How To Clean Your Kitchen Counter

Cleaning the kitchen counter need not be a chore of drudgery. Instead, get organized and jump in to do a good job in minutes.

Your kitchen counter space is an important area where, in all likelihood, a fair amount of family work is done. From peeling potatoes to making sandwiches and signing homework slips to opening mail, you may depend on your kitchen counter for work space that accommodates a variety of daily chores.

But like the rest of the house, the countertop occasionally becomes dirty, spotted, or greasy. Despite regular wiping and brush-offs, you will need to perform a detailed cleaning once a month or so. If your counter is made of a washable surface and can be bleached for stain removal, here are a few tips to help you do a thorough job:

1. Clear the countertop of everything that is movable. If the microwave oven sits there and you prefer not to move it, unplug the unit and push it to one side and then the other when cleaning the counter area. This is a good time to empty the toaster of crumbs, wipe out the microwave, empty the dish drainer, and put away superfluous pens, rubber bands, and twist ties that may have collected on the countertop. Put away clean dishes, place dirty ones in the dishwasher, and throw used dish towels in the laundry. Now all you need to focus on is the bare counter space.



2. With a damp cloth, wipe the entire area to make it moist. Then sprinkle a light coating of any brand of baking soda. Make sure it covers the counter evenly, except where stains or spots are located. Place a little extra on those areas, but not so much that it accumulates in small piles. You may want to dribble a few drops of water across the counter to help dampen the baking soda for better absorption.

3. Wait 15 to 30 minutes. Dampen a clean scrub cloth and use small circles to rub the baking soda into the countertop. Let the circles overlap slightly for maximum concentration. Spend several extra seconds on the stained areas, rubbing in continuous circles to ensure the powder gets rubbed in deeply. If the counter is deeply stained, leave the rubbed-in baking soda for another 15 minutes or so to allow complete absorption.

4. Rinse your cleaning cloth and begin wiping the counter with larger circles to remove the baking soda paste created by the first set of circles. Do a thorough job of wiping away all the pasty grit created by the baking soda mix. You can even drip a half glass of water around the counter to dampen the area, which will help to soften the cleaning paste for easier removal.
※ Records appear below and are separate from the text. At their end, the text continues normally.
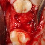 — много лет мы используем антибиотики для интраоперационной профилактики инфекционно-воспалительных осложнений. Уже в то время мы пришли к выводу, что удобнее всего — порошки антибактериальных препаратов для приготовления раствором: дешевые, стерильные, в удобной упаковке. Прямо в виде порошка их можно добавлять в графт, растворы для ирригации, либо использовать так, как показано на фото. Еще мы используем порошок антибиотика для изготовления пасты, которой обрабатываем имплантаты в процессе ревизии или при лечении периимплантита. Это удобнее и эффективнее, чем интраоперационное использование жидких форм антибактериальных препаратов.
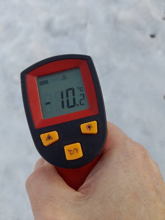 Вчера рано утром посетил участок. В 8 утра датчик показывал -5,7 гр.. Так что все что растаяло предыдущим днем, ночью успешно замерзло. Ледяной наст на поверхности снега был настолько прочный, что аккуратно смог походить по участку без охотничьих лыж.
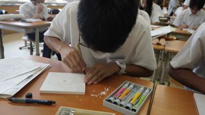 彫刻刀を使ってレリーフ作製をしています。
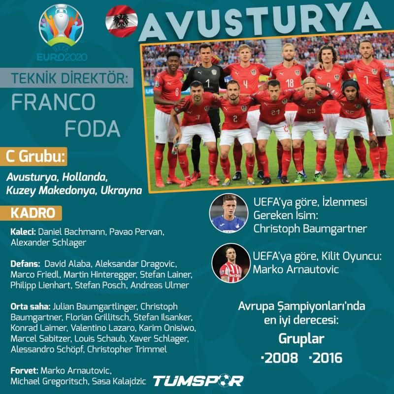 AVUSTURYA: Bachmann, Ulmer, Dragovic, Hinteregger, Alaba, Lainer, Sabitzer, Baumgartner, Schlager, Laimer, Kalajdzic.
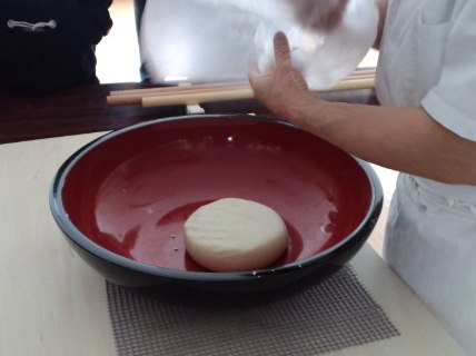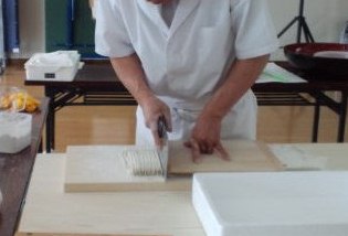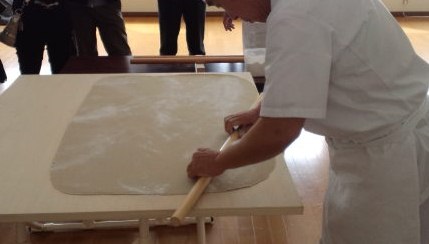 11時から生徒たちの見守る中、先生の蕎麦打ち実演が始まります!
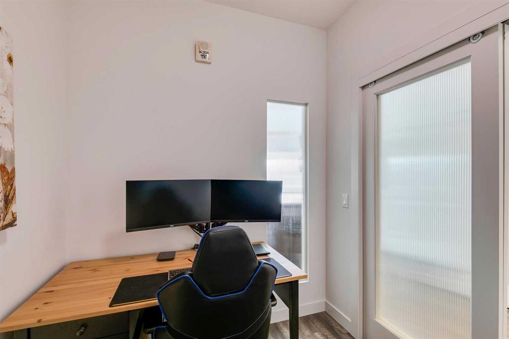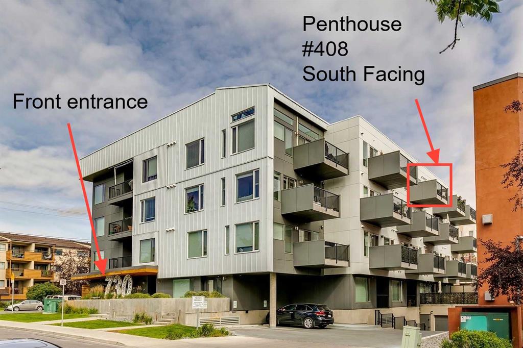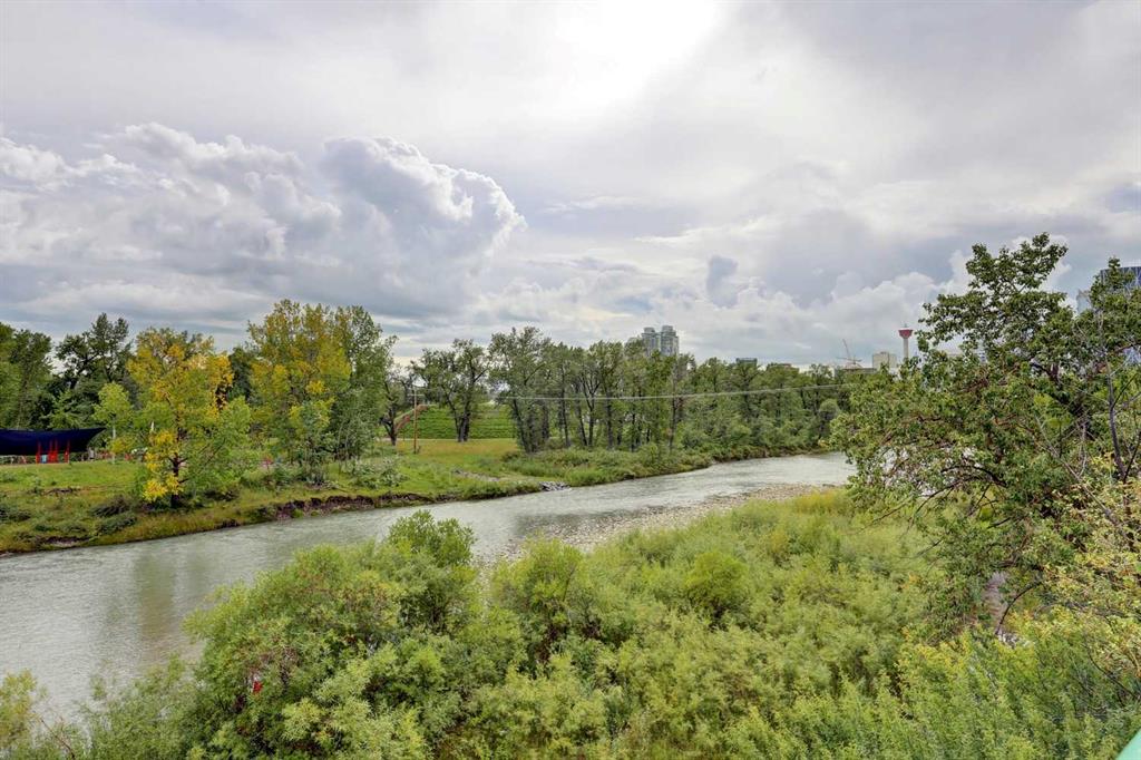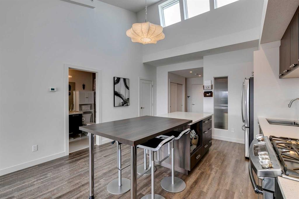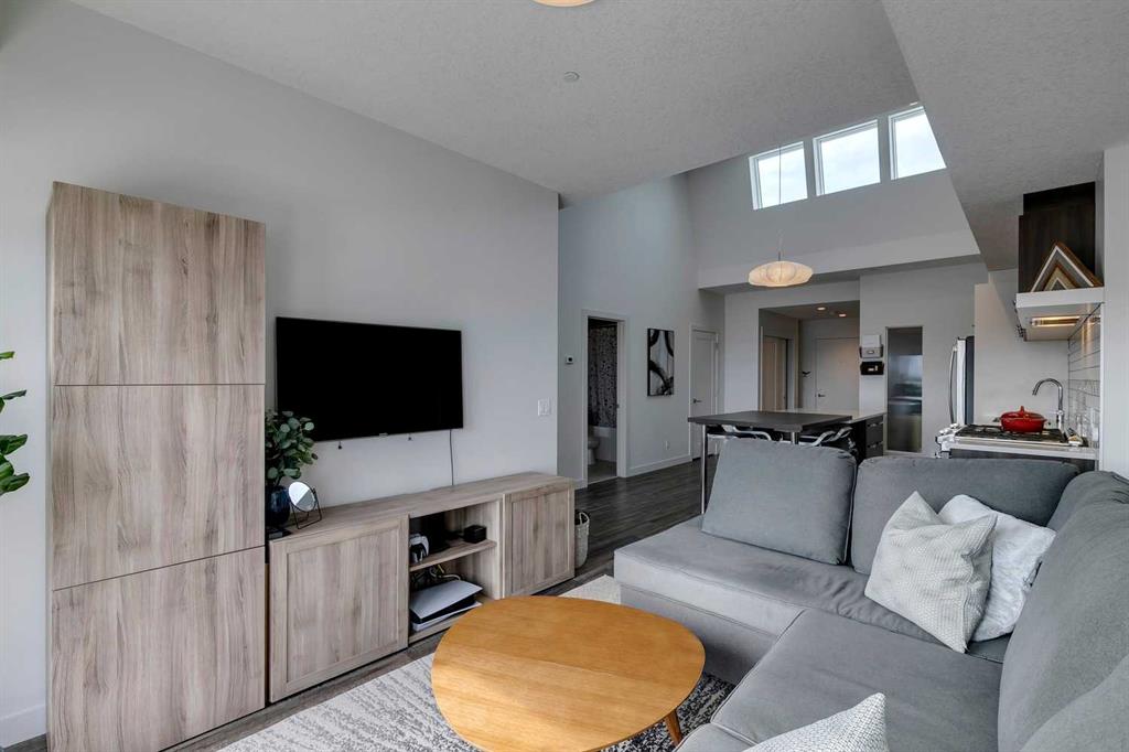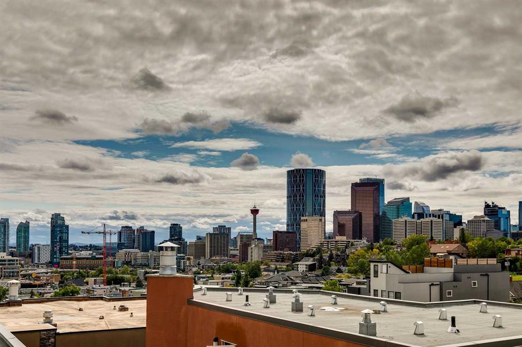 Experience PENTHOUSE living in Renfrew with sweeping, UNOBSTRUCTED VIEWS of downtown, the rolling hills of South Calgary, and even the MOUNTAINS, visible from both your living room and primary bedroom. This top-floor, striking architecture with everyday comfort, featuring 20-ft VAULTED CEILINGS with oversized SKYLIGHTS that pour natural light across the entire home. The kitchen is designed for real living and entertaining, not just looking good. You’ll appreciate the OVERSIZED ISLAND with an integrated eating table, DEEP full-height cabinets, and QUARTZ countertops that offer ample prep space for cooks and hosts alike. The open layout flows effortlessly into the living area and out to your private BALCONY, complete with a GAS line ready for your BBQ. Retreat to a spacious bedroom where morning views greet you daily. A WALKTHROUGH CLOSET leads directly into a well-appointed 4-piece bathroom with a SOAKER tub, creating a spa-like transition from day to night. A separate den/office provides the flexibility to work from home or create a dedicated hobby space. Comfort is top of mind with IN-FLOOR HEATING, AC, and custom WOOD-PLANK WINDOW COVERINGS and BLACKOUT curtains in the bedroom that add warmth and style. STORAGE is never a concern thanks to thoughtful cabinetry throughout. This home includes TITLED underground parking, a HEATED DRIVEWAY into the parkade, designated visitor stalls, plus ample FREE street parking for your guests. Located in one of Calgary’s best inner-city communities, you'll enjoy quick access to downtown, local cafés, parks, and transit. A rare penthouse offering that blends luxury, functionality, and breathtaking views—welcome home to elevated urban living in Renfrew.
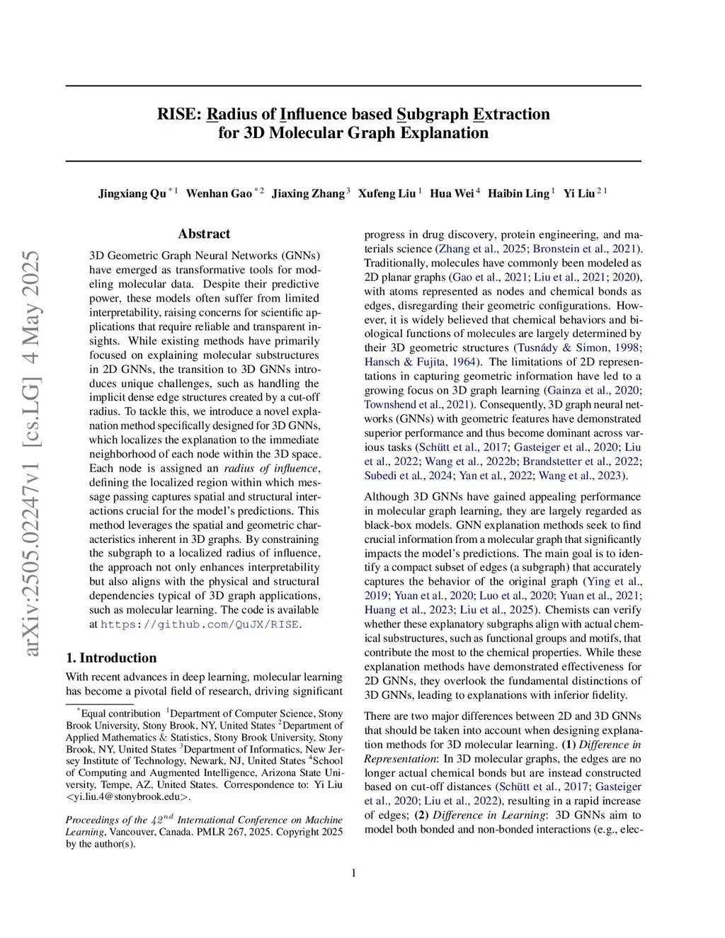 RISE: Radius of Influence based Subgraph Extraction for 3D Molecular Graph Explanation
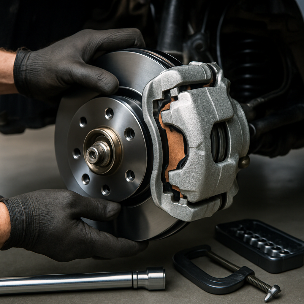Fjern kaliberbeslaget – dette kræver normalt to større bolte. Træk den gamle bremseskive af navet. Hvis den sidder fast, brug gummihammer til forsigtig banken. Rengør navfladen grundigt med ståbørste og fjern rust og snavs. Dette sikrer at den nye skive sidder plan. Montér den nye bremseskive og sikr den med en hjulmøtrik midlertidigt. Genmonter kaliberbeslaget med momentnøgle til producentens specifikationer – typisk 80-120 Nm.
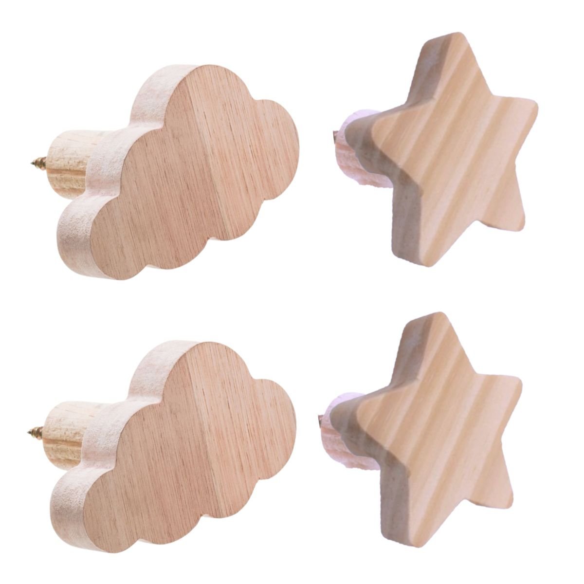 Kit Ganchos Pendurador de Madeira Nuvem Estrela de Parede Gancho Pendurar Cabideiro Infantil Diverti
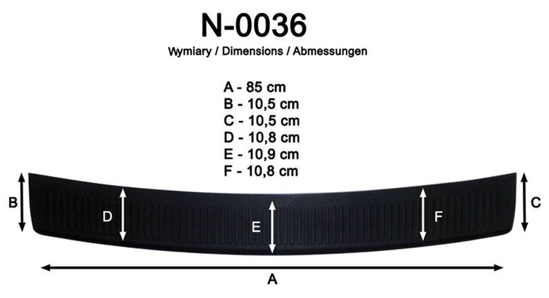 Listwa ochronna bagażnika jest produkowana z czarnego plastiku ABS charakteryzującego się wielką odpornością przeciw uszkodzeniom oraz otarciom. Prosty montaż listwy za pomocą taśmy obustronnej, która jest zawartością zestawu.
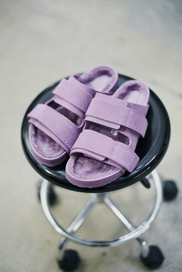أمّا الصنادل، فأتت بألوان أحادية، منها الأصفر الشاحب والرمادي والأرجواني الشاحب، مع وسادة القدم التقويمية الخاصة بعلامة BIRKENSTOCK مغطّات بشيرلينغ ناعم وجلد نابا لضمان مزيد من الراحة، بينما تتداخل الأحزمة مع تفاصيل الخياطة اليدوية والمقابض المصنوعة من أجود المواد.
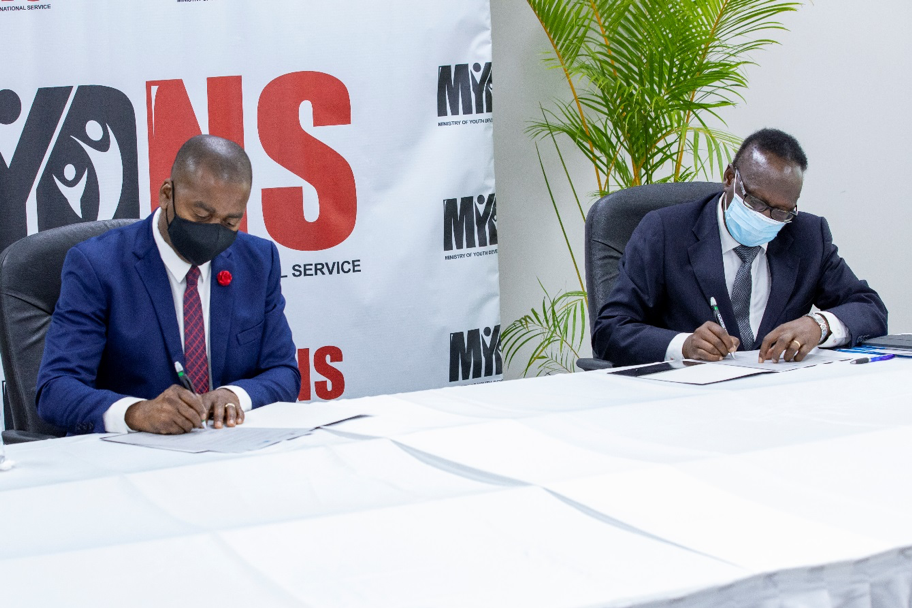 The Honourable Foster Cummings, Minister of Youth Development and National Service Dr. Aloys Kamuragiye, UNICEF Representative for the Eastern Caribbean signs the Letter of Intent between the MYDNS and Generation Unlimited.
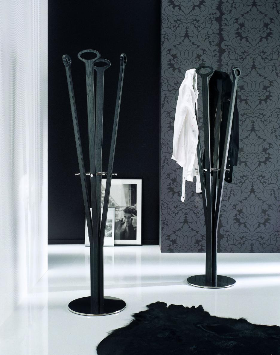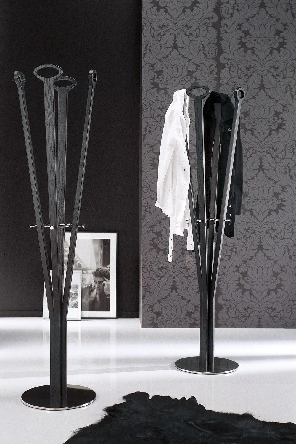 | Description: | A clothes hanger. Made of solid ash wood on a round base made of chrome plated steel. Finishing Wenge. |
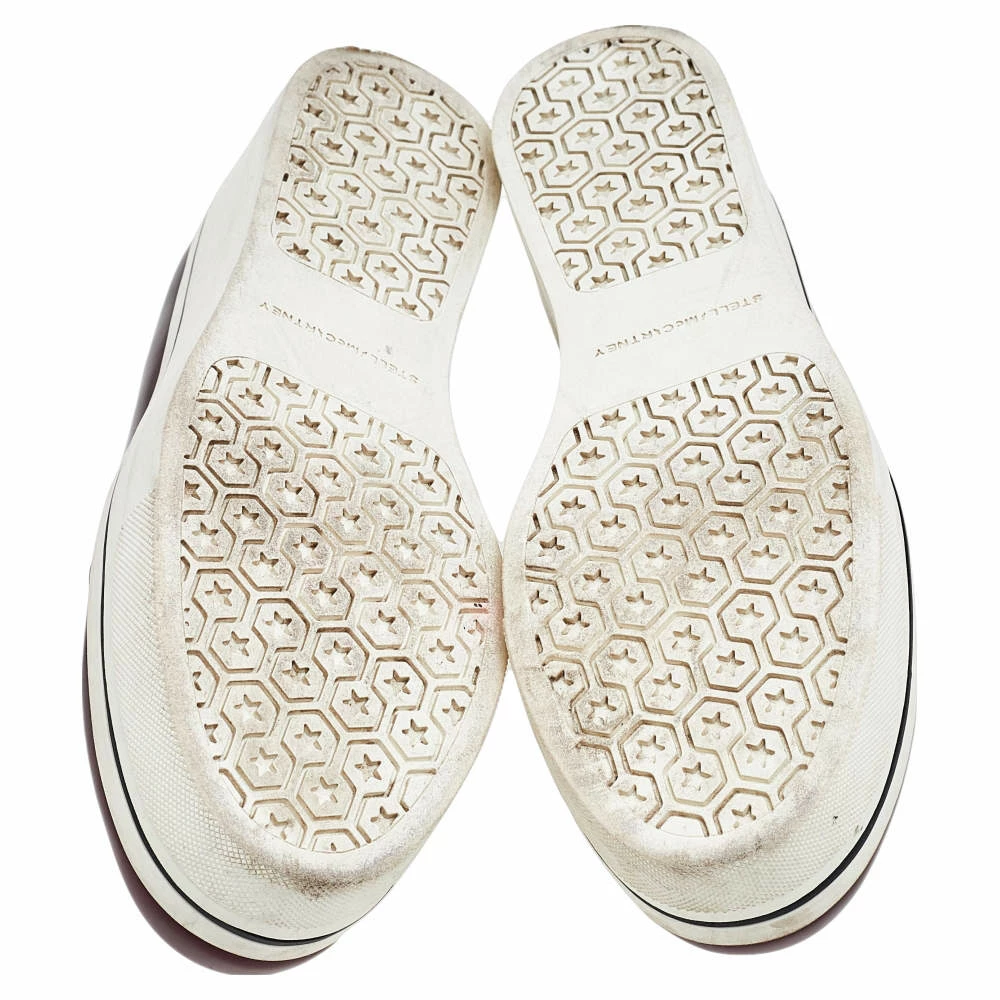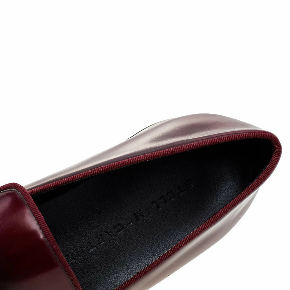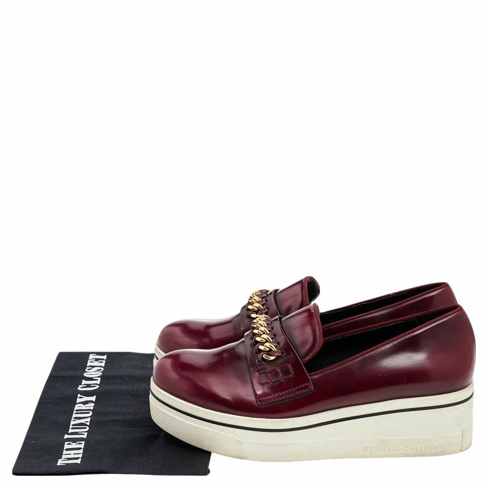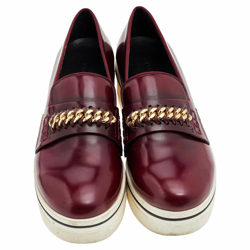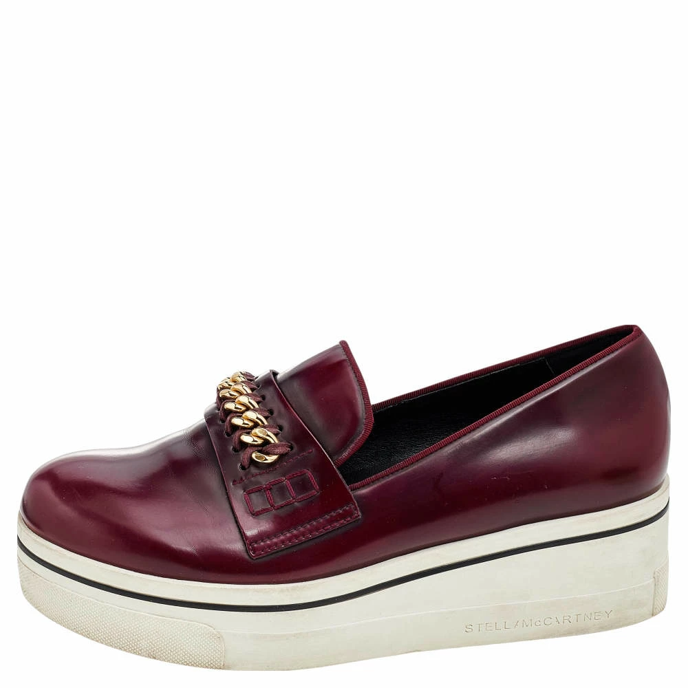 These loafers from the House of Stella McCartney are designed to offer comfort and style. They are made from burgundy faux leather on the exterior, with a gold-toned chain-link embellishment perched on their vamps. They feature thick platforms and a slip-on style. Look chic as you wear them!

5. Rinse out your cleaning cloth again and repeat the process. Check with your finger to detect any residual baking soda. When you are sure the entire counter surface is wiped clean and free of soda, use a paper towel or dish towel to dry it. If you find remaining stains, spot-treat them with small amounts of baking soda, wiping it up after thirty minutes or so. Rinse the counter again.

Now you are ready to replace appliances and other items that normally sit on your counter. The baking soda may continue to bleach the countertop area over the next day or so. If you find stubborn stains the following day, shop for spot-resistant cleaner at the supermarket.